С этого момента наш дом обрел громкую славу. Даже на Потоцкой, на улице Клаудины и на улице Камедулов передавали из уст в уста историю с пепеэровскими листовками. А наш алтарь был освящен только месяц спустя. Другим ксендзом. Так что и мы могли петь по вечерам перед собственным алтарем «Кто господу себя препоручает» и, распевая, часто думали: кто прятал эти листовки в беседке? Так раздумывали мы вплоть до июня 1944 года, ибо во второй половине июня снова были расклеены красные объявления. Я шел в тот день с Метеком Сковронеком на площадь Вильсона, и мы остановились возле извещения, которое начиналось дословно так: «За время с 1 по 15.6.1944 г. в Варшаве снова были осуществлены бесчестные и подлые нападения на немцев и находящихся на германской службе лиц, при этом несколько немцев и находящихся на германской службе поляков было убито либо тяжело ранено. Все эти преступления гнусно и вероломно совершили коммунисты либо лица, с ними связанные. В связи с этим 16.6.1944 г. нижеследующие 75 коммунистов приговорены чрезвычайным судом полиции безопасности к смертной казни за политические преступления, совершенные в интересах Москвы...» Теперь мы читали неторопливо, словно хотели эти фамилии заучить наизусть. Мы читали, читали, а рядом с нами читали этот длинный список другие люди. И вдруг Метек воскликнул: «Глядите, расстреляли нашего Маевского, — и ткнул пальцем в еще мокрый от клея лист. — Вот, вот наш Маевский, о господи, такой мировой мужик... такой мировой мужик, а коммунист». Мы уже не пошли на площадь Вильсона, бегом вернулись домой и сразу же всем рассказали, что Маевский расстрелян и в извещении написано, что он действовал в пользу Москвы, а значит, в пользу пепеэр. Маевский жил в нашем доме один, и никто не знал его родни, якобы находившейся в Радоме. Человек был очень спокойный и вежливый. Ни с кем в доме не ссорился и ни капельки не походил на то, как нам расписывали коммунистов.

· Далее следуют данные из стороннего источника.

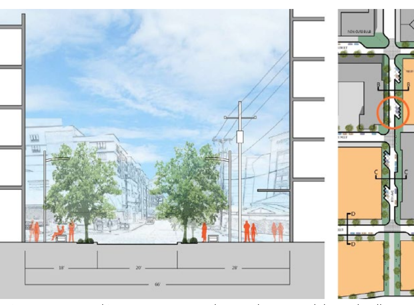
Figure 3: Proposed improvements on 8th Ave N between Aloha and Valley St.

Although dissatisfied with the decision not to provide a pedestrian crossing across Mercer Street at 8th Ave N, the SDC acknowledged the positive impact the mid-block connection along 8th Ave N will have on the pedestrian realm. The Commission recommended the Figure 5: Proposed improvements on Aloha St.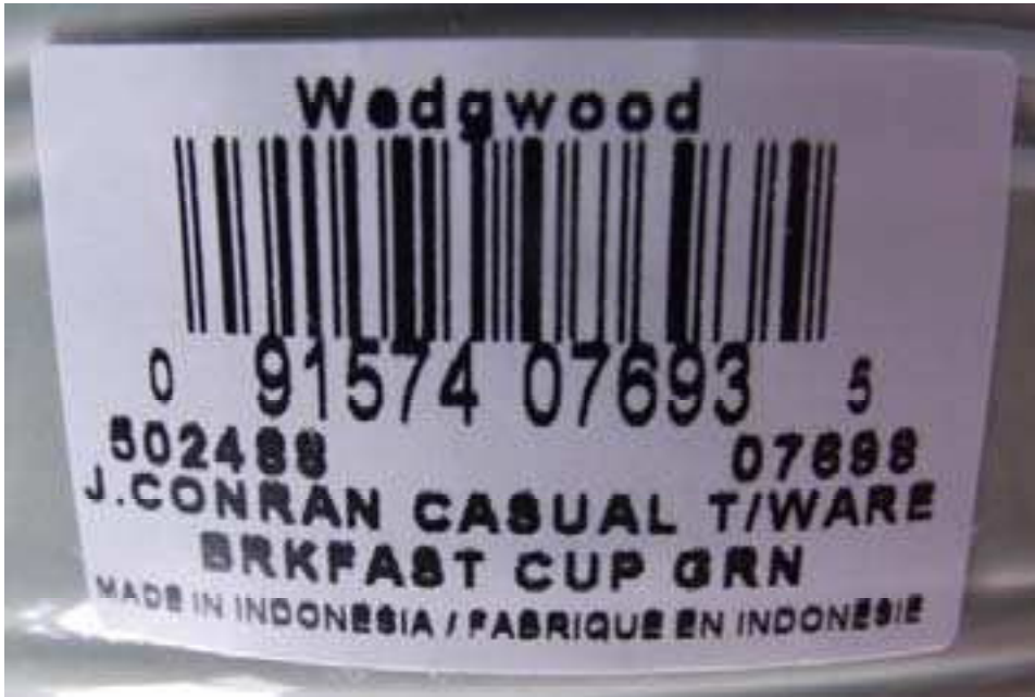
Fig.3. Detachable label, 'Made in Indonesia'.

The next outsourcing example exists where the Staffordshire brand name and 'England' are provided within the indelible backstamp, but the detachable label, or the packaging indicates a Far Eastern place of manufacture. In the manner of Lash and Urry's view, the marketing (or backstamp) creates links with the UK. The word 'England' has in these circumstances come to signify the origin of the brand, rather than place of production. A Johnson Brothers' cup and saucer demonstrates this trend. The printed backstamp reads 'Johnson Bros England 1883' (the year the firm was founded), but the detachable label indicates that it was actually manufactured in China (Figure.4-6).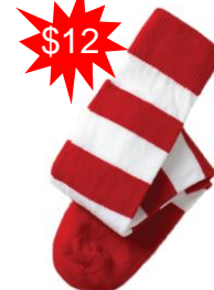
Signature Stripped Socks

Ковалик даже заявил во всеуслышание: «Я этого совершенно не могу понять, Маевский — коммунист? Ведь он никого не агитировал, никому не рассказывал ни о Москве, ни о Сталине, ни о Красной Армии». Но в красном объявлении было ясно написано, что Маевский коммунист, а Шленской вдруг вспомнилось, что она видела однажды, как Маевский крадучись пробирался в беседку. И все дружно заговорили: «Да, эти листовки наверняка принадлежали ему. Наверняка он их прятал...»

Когда в феврале 1945 года я вернулся в Варшаву, то сразу пошел на улицу Марии Казимеры поздороваться со своим домом. Но дома не было. От него осталось лишь немного щебня да кирпича. Я огляделся вокруг и тогда заметил беседку. Удивительное дело. Сгорели все соседние дома, а беседка осталась невредима. Стояла на своем месте, точно на этой улице и на этом дворе ничего не случилось. Я неторопливо направился к ней, поскольку некуда мне было спешить. Подошел к беседке и увидал могилу. Такую маленькую, почти вровень с землей, но с крестом и деревянной дощечкой. Надпись расплылась, и я наклонился пониже, чтобы прочесть: «Мечислав Сковронек, 16 лет, харцер». В ту пору я уже разучился давать волю чувствам, ибо подобные кресты были для меня вещь нормальная. Даже сердце не забилось сильней, только как-то обыкновенно подумал о Метеке, о всяких его пустых и толковых затеях. И когда вот эдак размышлял, то мне вдруг припомнилось, что именно Метек нашел в этой беседке пепеэровские листовки, которых ксендз не пожелал освятить. Я заглянул в беседку. Она была пуста, от священного алтаря не осталось и следа. Вот там была Лидка в белом платьице, рядом коленопреклоненный ксендз, а здесь прижатый к стене Метек читал листовки. Кто их тут спрятал, действительно ли Маевский? О Метеке я могу кое-что рассказать. Он был, что называется, свой в доску. А вот о Маевском не могу сказать ни слова. Видел его несколько раз, кланялся ему, поскольку был приучен кланяться старшим. А позже читал красное извещение. И в нем значился Маевский. И это все. Если бы не могила Метека, я, пожалуй, и не вспомнил бы, что жил такой человек, который где-то сражался, за что-то погиб и его-то могилу никому не найти, даже днем с огнем.